Philly music we're listening to: Ivy Sole, Japanese Breakfast, Empath, and Suburban Living

A look around the city's music scene for our favorite jams and gems

Music Opinion
Ivy Sole Ivy Sole/YouTube

Philadelphia artist Ivy Sole's latest album is out now.

In the streaming age, it’s easy to be paralyzed by choice and feel like good music is passing you by every day. 

A few years ago, it seemed everyone sort of realized at once that a lot of that good music was coming from Philadelphia. 

To try and help keep you up to date with the best stuff coming out of the city and its surrounding areas, we’re going to regularly highlight a few songs we’ve been listening to from local bands.
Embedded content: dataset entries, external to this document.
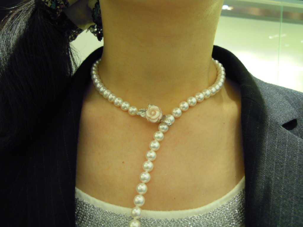 長さの調節も自由自在、自分の一番良い位置でパールをつけることができます。
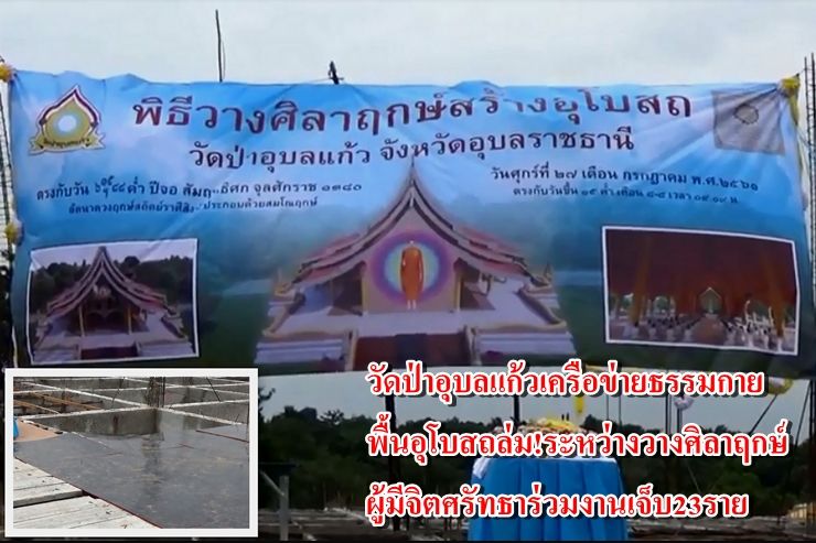 อุบลราชธานี-พื้นอุโบสถวัดป่าอุบลแก้วถล่มขณะประกอบพิธีวางศิลาฤกษ์เพื่อเตรียมการก่อสร้าง ผู้มีจิตศรัทธาร่วมงานตกจากที่สูง7เมตรเจ็บ23รายไม่มีผู้เสียชีวิต
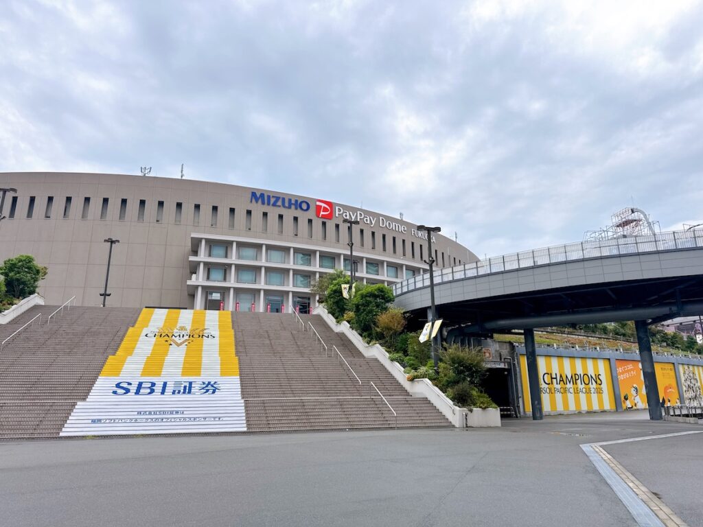 日本一を達成した直後から、みずほPayPayドームのコンコースのサイネージや外周の装飾が日本一仕様へと早替わり!
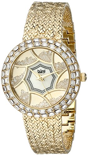 Burgi Women's BUR118YG Crystal Baguette Bezel Mother-of-Pearl & Floating Crystal Dial Yellow Gold Bracelet Watch
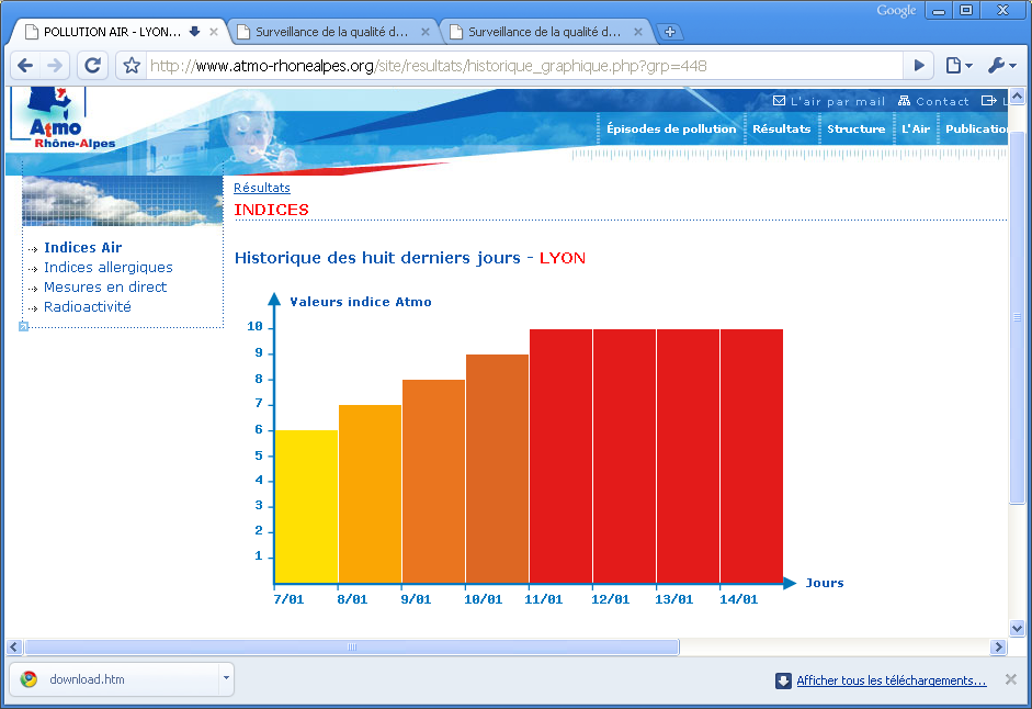 http://www.lepost.fr/article/2009/01/13 ... -lyon.htmlEn fait ce n'est lĂ encore par 8/10, mais 10/10 de pollution, depuis plusieurs jours Ă Lyon.
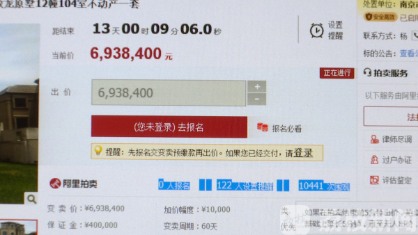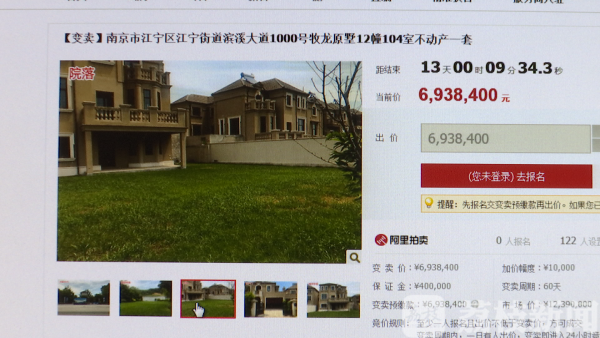 据了解,这套房子是第二次拍卖,按照有关规定,第一次拍卖在评估价的基础上打7折,第二次拍卖则是在第一次的价格上再打8折。另外,一套南京江宁区的别墅,市场价1239万元,法院起拍价693万8400元,也同样是5.6折。

If you have your own recommendations, feel free to shout them out in the comments or email me at adam@phillyvoice.com. 

(Yes, this means you have permission to @ me.)

Let’s get listening.

1. Achilles by Ivy Sole

Ivy Sole, a 25-year-old Wharton grad who lives in West Philly, put out her new album this month, and for anyone who’s listened to Noname, Sole’s style and dexterity will feel right at home. Achilles — the title coming from a Jay-Z reference in the second verse — is a tight, two-verse, two-chorus track with gorgeous production and no wasted space. When Sole recounts her struggle to let people close to her in the second verse, each line cuts deeper and deeper, building towards a cripplingly good couplet: “I’m sorry for the lessons I learned at your expense/And I know it hurts that you can’t see my growth in present tense.”

“Overgrown” is out now.

2. Polyfoam by Empath

We’re a few months late to this one, but the latest from Empath — a band that calls Philadelphia its “adopted home” — is a perfectly sunny pop song, bathed in layers of fuzz. Catherine Elicson’s individual words are basically indecipherable on first listen, outside of stray words like “never” and “if I see you around”, but that’s not the point: the swelling guitar chords, circling synths, and Elicson’s overall pathos mesh into one triumphant sound. The video goes extremely left after three and a half minutes, which is also fun, but the core song here is perfect on its own.

“Environments” is out now on Get Better Records.

3. Posing in Bondage by Japanese Breakfast

Recorded last year, two songs from extremely-fantastic-Philly-band Japanese Breakfast were vinyl exclusives until this week. Posing in Bondage has Michelle Zauner’s typically beautiful vocals and a straightforward beat, but the stars of the song are the spare guitar noodling and the churning, omni-present, almost subterranean synth pulsing behind everything. It’s a brief, atmospheric track, but it highlights basically everything Japanese Breakfast does well in 128 seconds.

“Polyvinhyl 4-Track Singles Series, Vol. 3” is out now on Polyvinyl Records.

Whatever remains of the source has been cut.